WORK INSTRUCTIONS
Apart from the images, reproduce every record word for word.
** EXERCISE MATERIAL follows **
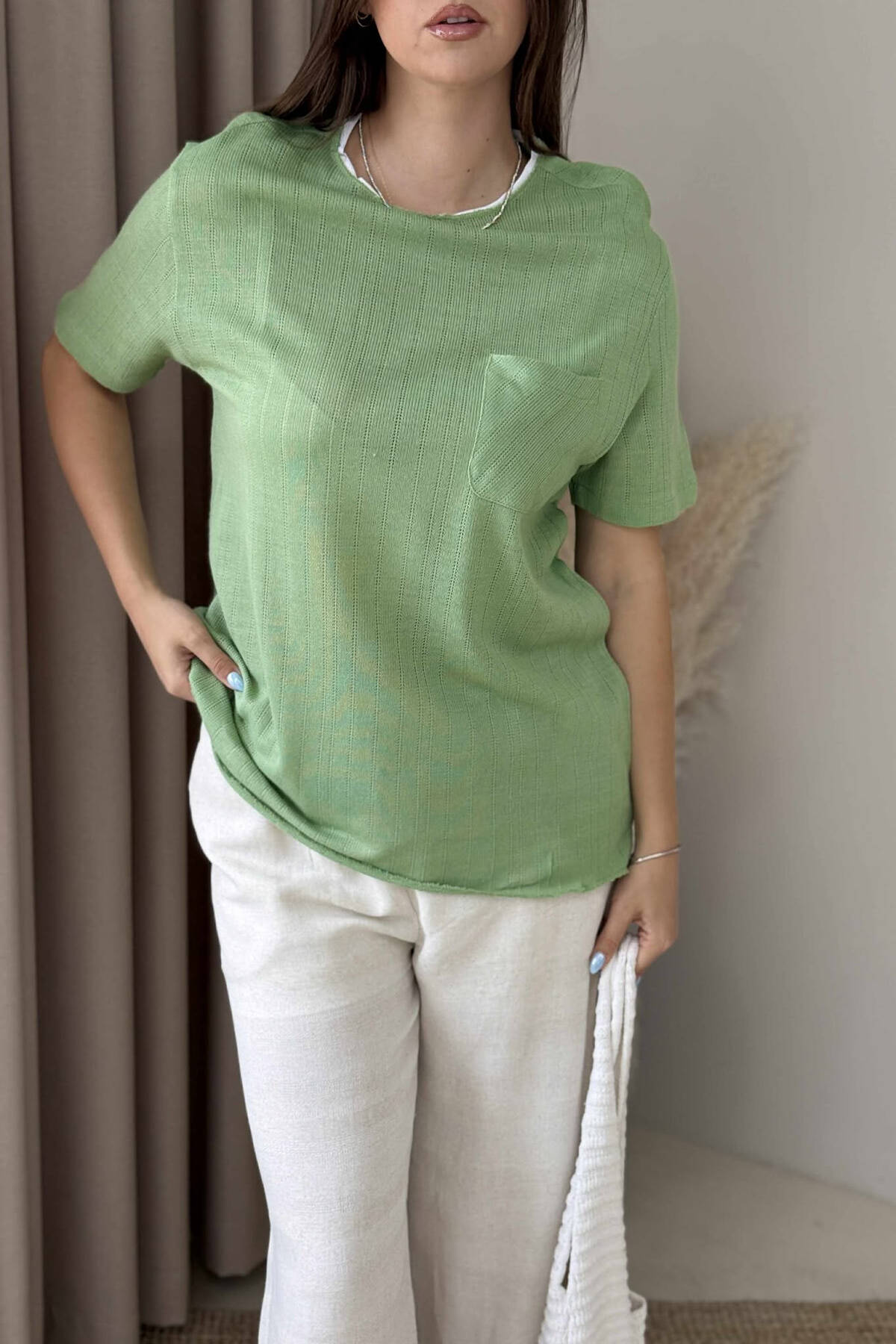 ONE COLOR POCKET DETAIL WOMEN T-SHIRT MINT/MENTE
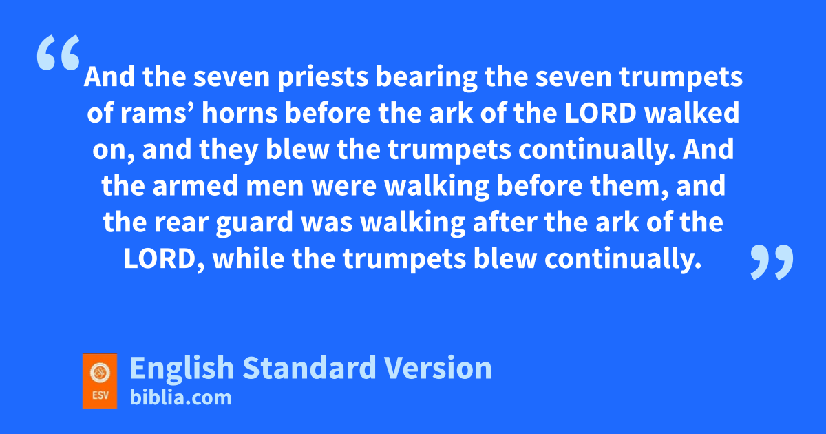 6 Now Jericho was shut up inside and outside because of the people of Israel. None went out, and none came in. 2 And the Lord said to Joshua, “See, gI have given Jericho into your hand, with its king and mighty men of valor. 3 You shall march around the city, all the men of war going around the city once. Thus shall you do for six days. 4 Seven priests shall bear seven htrumpets of irams’ horns before the ark. On the seventh day you shall march around the city seven times, and jthe priests shall blow the trumpets. 5 And when they make a long blast with the ram’s horn, when you hear the sound of the trumpet, then all the people shall shout with a great shout, and the wall of the city will fall down flat,1 and the people shall go up, everyone straight before him.” 6 So Joshua the son of Nun called the priests and said to them, “Take up the ark of the covenant and let seven priests bear seven trumpets of rams’ horns before the ark of the Lord.” 7 And he said to the people, “Go forward. March around the city and let kthe armed men pass on before the ark of the Lord.”
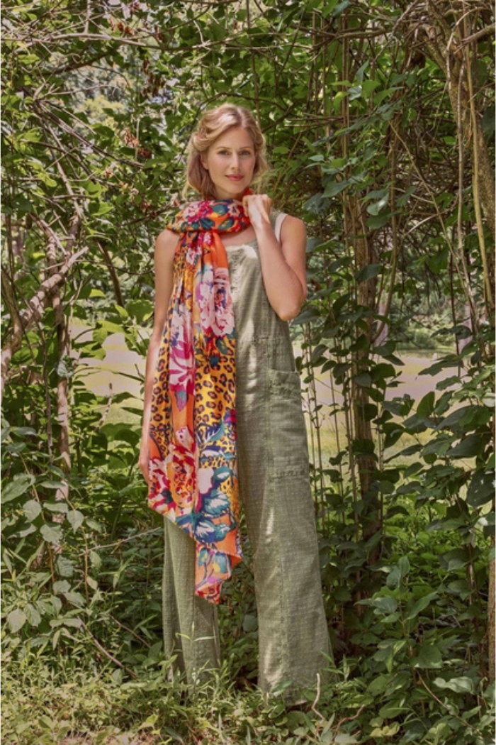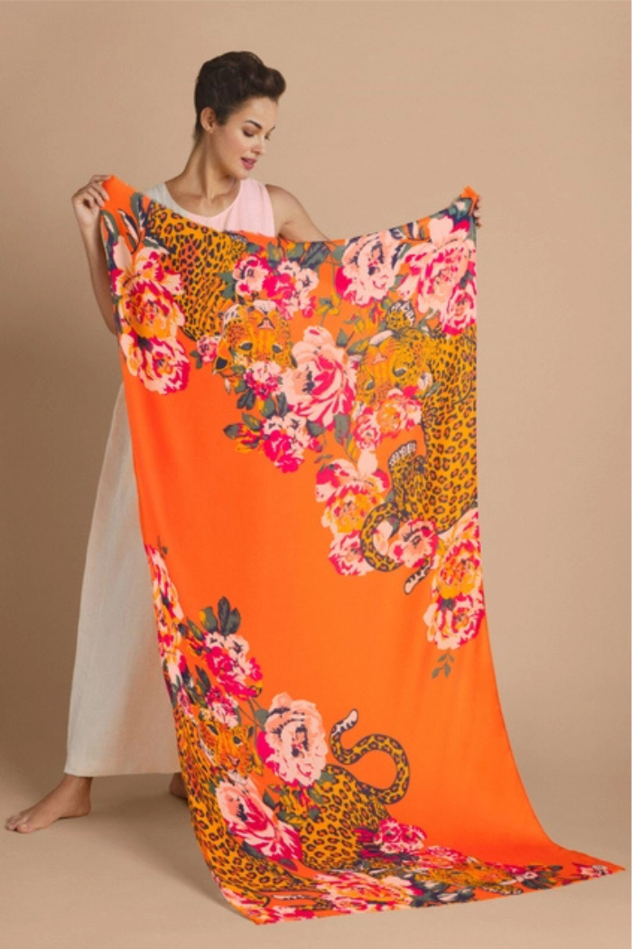Make a bold statement with this vibrant tangerine print scarf, perfect for adding a touch of fierceness to any outfit! Featuring a striking blend of summer florals and exotic leopard print, it’s the ultimate way to embrace your wild side. A leopard never loses its spots—or its place in fashion! Ideal for Mother’s Day, this scarf comes in a bespoke complimentary gift bag, making it an extra-special treat for a loved one or yourself.
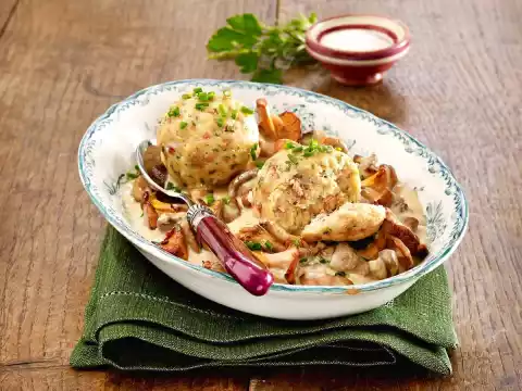 In the meantime, clean the mushrooms, wash them and possibly halve them. Mix plenty of water and 2 tablespoons of flour, briefly wash the chanterelles in it and drain well on kitchen paper. Peel and finely dice 1 onion. Heat the oil in a pan. Add the mushrooms and fry them for 4-5 minutes, turning them over. After 2 minutes add onions. Dust with 1-2 tbsp. flour and sauté briefly. Add stock, wine and cream while stirring and simmer for 4-5 minutes. Arrange mushroom ragout and dumplings, sprinkle with chives if necessary
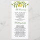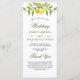 Elegante Programa de Ceremonia de Boda de Verdor Lemons. Utilice los campos de plantilla para agregar la información de la ceremonia y de la fiesta nupcial y, a continuación, haga clic en "Personalizar" para cambiar la posición de los elementos si fuera necesario. ¿Necesitas ayuda? Contáctame a través del enlace "Preguntar a este diseñador" en esta página.
** End of EXERCISE MATERIAL **
SOLUTION FOR THIS TASK
 ONE COLOR POCKET DETAIL WOMEN T-SHIRT MINT/MENTE
 6 Now Jericho was shut up inside and outside because of the people of Israel. None went out, and none came in. 2 And the Lord said to Joshua, “See, gI have given Jericho into your hand, with its king and mighty men of valor. 3 You shall march around the city, all the men of war going around the city once. Thus shall you do for six days. 4 Seven priests shall bear seven htrumpets of irams’ horns before the ark. On the seventh day you shall march around the city seven times, and jthe priests shall blow the trumpets. 5 And when they make a long blast with the ram’s horn, when you hear the sound of the trumpet, then all the people shall shout with a great shout, and the wall of the city will fall down flat,1 and the people shall go up, everyone straight before him.” 6 So Joshua the son of Nun called the priests and said to them, “Take up the ark of the covenant and let seven priests bear seven trumpets of rams’ horns before the ark of the Lord.” 7 And he said to the people, “Go forward. March around the city and let kthe armed men pass on before the ark of the Lord.”
Make a bold statement with this vibrant tangerine print scarf, perfect for adding a touch of fierceness to any outfit! Featuring a striking blend of summer florals and exotic leopard print, it’s the ultimate way to embrace your wild side. A leopard never loses its spots—or its place in fashion! Ideal for Mother’s Day, this scarf comes in a bespoke complimentary gift bag, making it an extra-special treat for a loved one or yourself.
 In the meantime, clean the mushrooms, wash them and possibly halve them. Mix plenty of water and 2 tablespoons of flour, briefly wash the chanterelles in it and drain well on kitchen paper. Peel and finely dice 1 onion. Heat the oil in a pan. Add the mushrooms and fry them for 4-5 minutes, turning them over. After 2 minutes add onions. Dust with 1-2 tbsp. flour and sauté briefly. Add stock, wine and cream while stirring and simmer for 4-5 minutes. Arrange mushroom ragout and dumplings, sprinkle with chives if necessary
 Elegante Programa de Ceremonia de Boda de Verdor Lemons. Utilice los campos de plantilla para agregar la información de la ceremonia y de la fiesta nupcial y, a continuación, haga clic en "Personalizar" para cambiar la posición de los elementos si fuera necesario. ¿Necesitas ayuda? Contáctame a través del enlace "Preguntar a este diseñador" en esta página.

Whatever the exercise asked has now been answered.